Carl Ekern

No. 55
- Position: Linebacker

Personal information
- Born: May 27, 1954 Richland, Washington, U.S.
- Died: August 1, 1990 (aged 36) Kern County, California, U.S.
- Listed height: 6 ft 3 in (1.91 m)
- Listed weight: 223 lb (101 kg)

Career information
- High school: Fremont (CA)
- College: San Jose State
- NFL draft: 1976: 5th round, 128th overall pick

Career history
- Los Angeles Rams (1976–1988);

Awards and highlights
- Pro Bowl (1986);

Career NFL statistics
- Sacks: 2
- Interceptions: 5
- Fumble recoveries: 5
- Stats at Pro Football Reference

= Carl Ekern =

American football player (1954–1990)

Carl Frederick Ekern (May 27, 1954 – August 1, 1990) was a National Football League (NFL) linebacker.

==Biography==
Ekern was born in Richland, Washington. He attended Fremont High School in Sunnyvale, California. Ekern was a graduate of San Jose State University and played professional football from 1976 to 1988 for the Los Angeles Rams. He appeared in the 1986 Rams promotional video, Let's Ram It, under the name of "Carl E, General of the D."

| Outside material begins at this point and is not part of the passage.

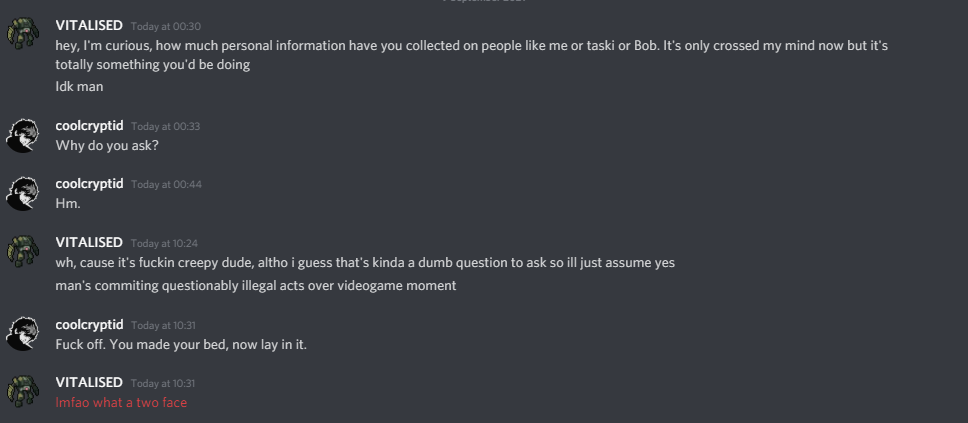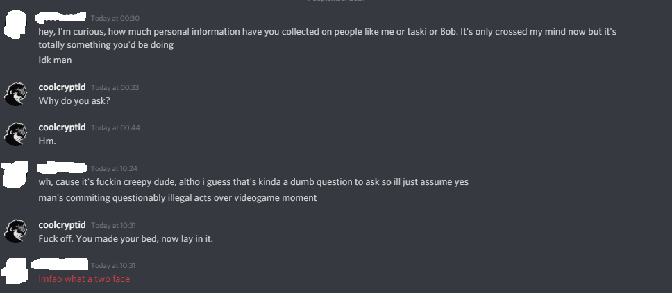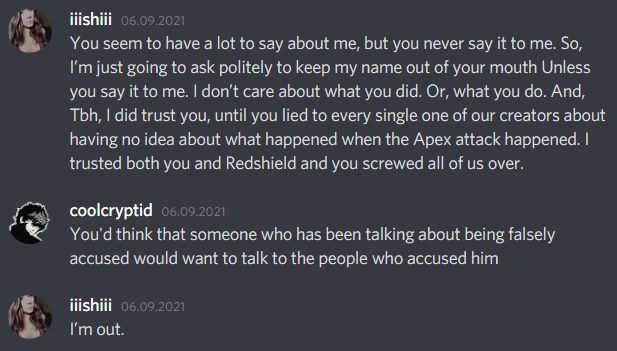 Though upon realizing the range of their mistakes, they opted to cover the situation up. Coolcryptid has before deleted all his reddit comments around the situation, now he deleted his whole account and wiped discord DMs.

Ekern died of head injuries on August 1, 1990, when the Jeep he was driving ran off a highway near the Kern County town of Ridgecrest, California. At the time of the accident, Ekern was en route to Minden, Nevada, where he was a volunteer counselor and coach at the Rite of Passage, a camp for juvenile delinquents. The camp is located about 15 miles east of Lake Tahoe.

==Carl Ekern Spirit of The Game Award==
The Carl Ekern award, honoring the former Rams linebacker, is the Los Angeles Rams award
given to the player who best exemplifies sportsmanship, work ethic, and commitment to his teammates.